== Given material ==
==================================================

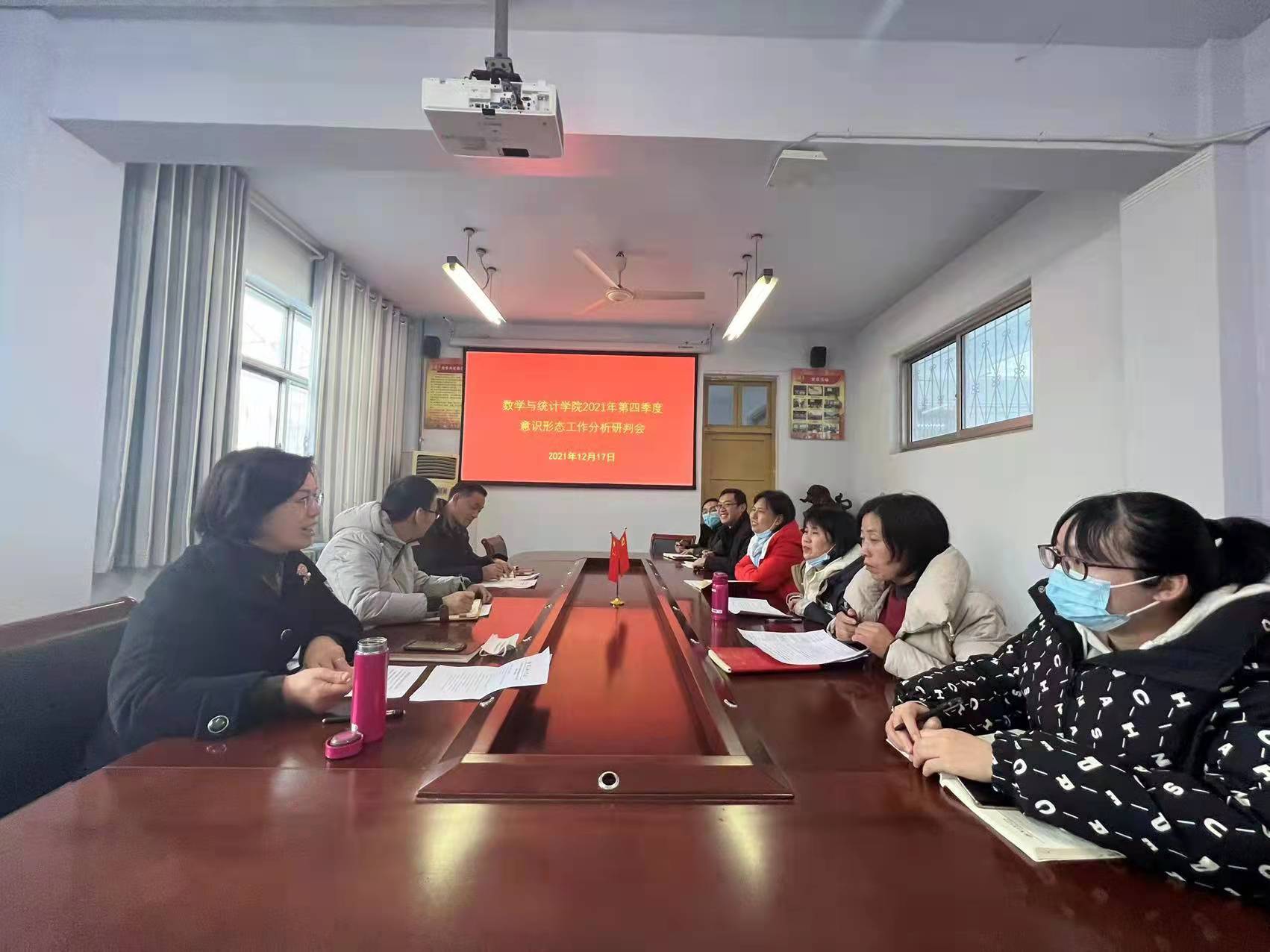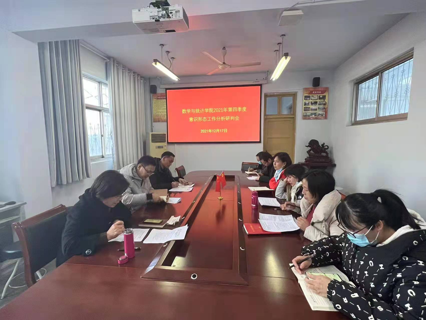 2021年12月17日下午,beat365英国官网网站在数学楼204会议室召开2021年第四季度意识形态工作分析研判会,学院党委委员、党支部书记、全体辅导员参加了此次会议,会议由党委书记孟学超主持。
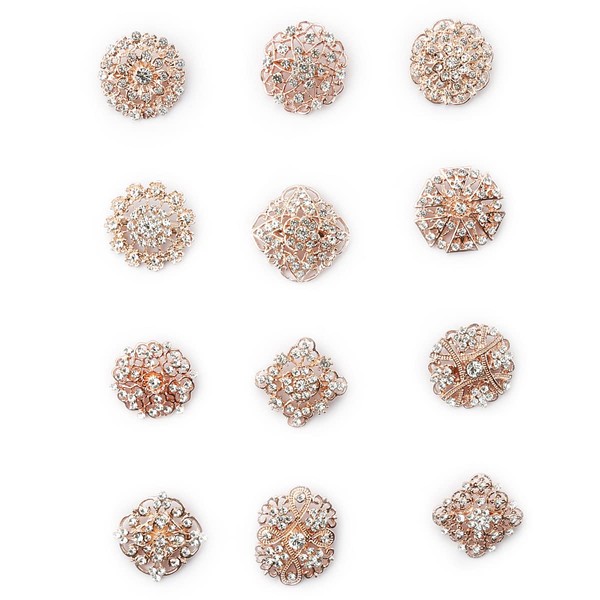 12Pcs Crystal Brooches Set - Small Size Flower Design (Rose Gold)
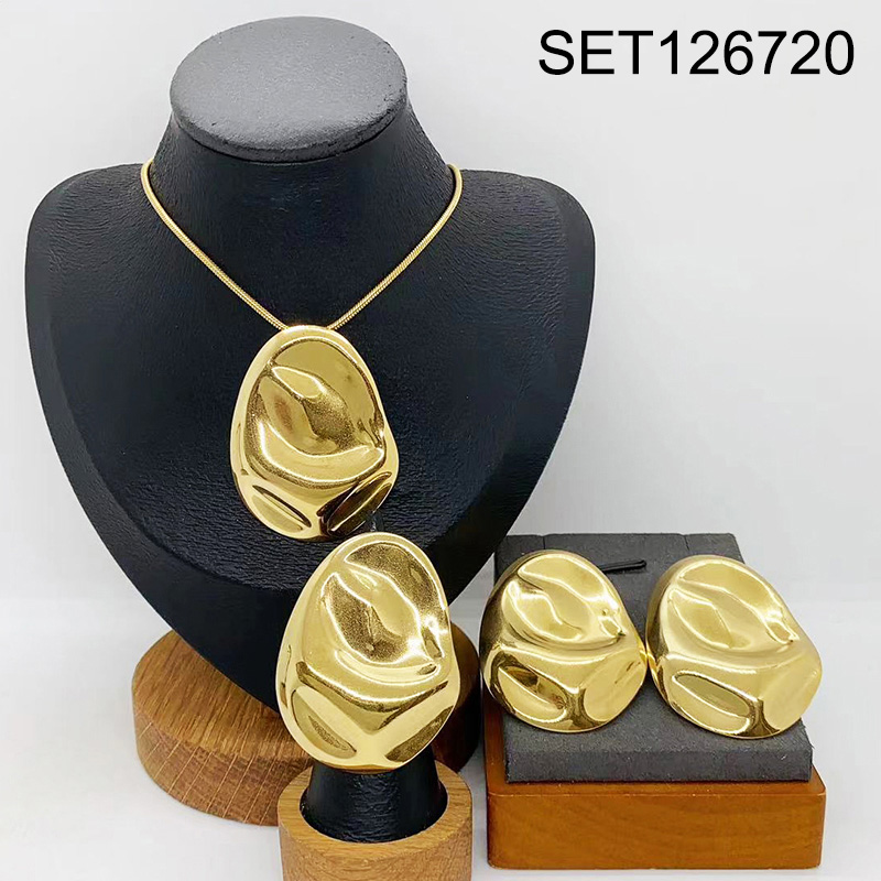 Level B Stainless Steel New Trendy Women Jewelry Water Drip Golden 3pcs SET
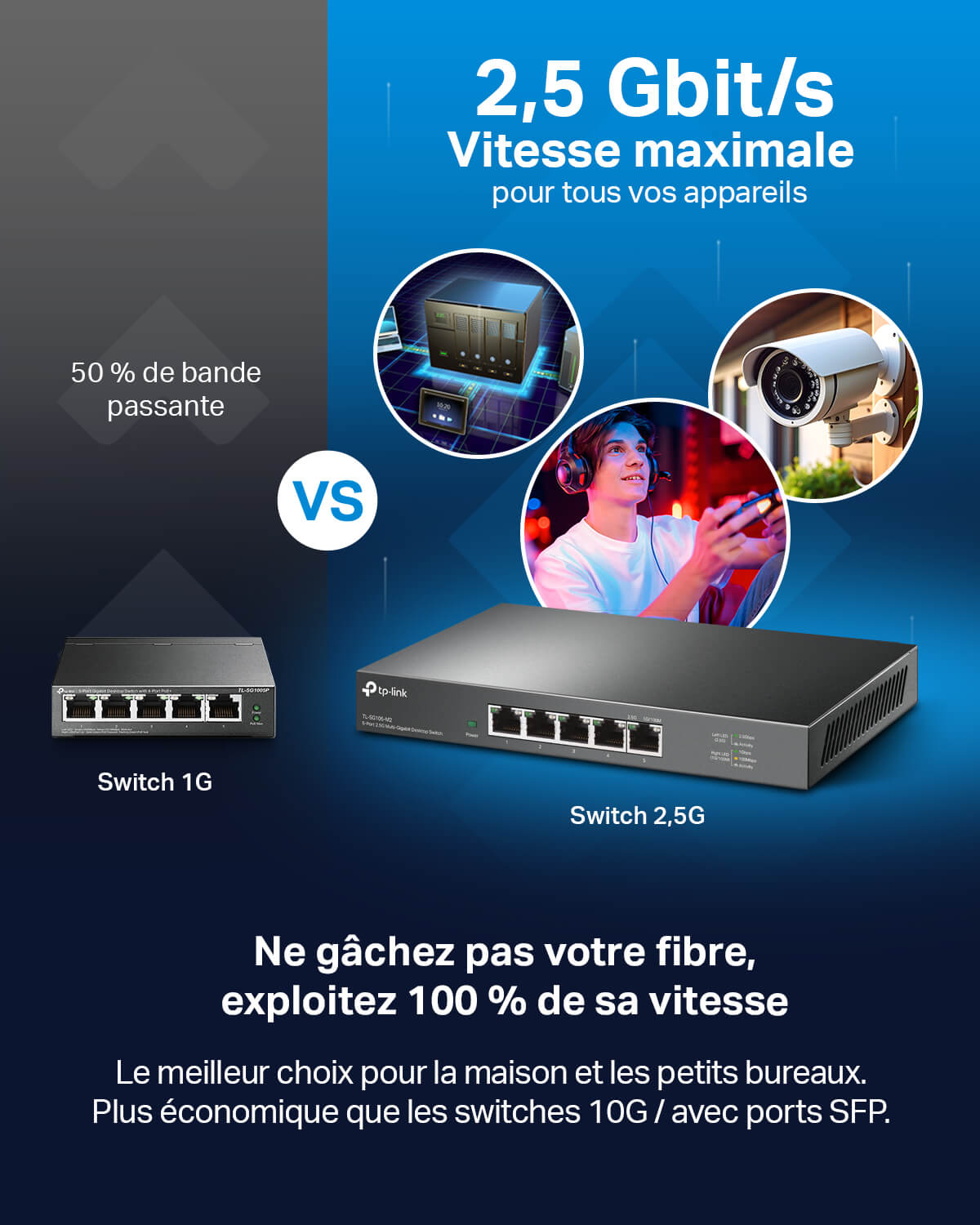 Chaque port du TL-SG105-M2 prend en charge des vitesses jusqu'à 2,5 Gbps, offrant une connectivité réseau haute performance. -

==================================================

== About this task ==
Repeat only the lines from the beginning of the material through the line containing "Level B Stainless", both ends kept, leaving pictures out.

== Answer ==
 2021年12月17日下午,beat365英国官网网站在数学楼204会议室召开2021年第四季度意识形态工作分析研判会,学院党委委员、党支部书记、全体辅导员参加了此次会议,会议由党委书记孟学超主持。
 12Pcs Crystal Brooches Set - Small Size Flower Design (Rose Gold)
 Level B Stainless Steel New Trendy Women Jewelry Water Drip Golden 3pcs SET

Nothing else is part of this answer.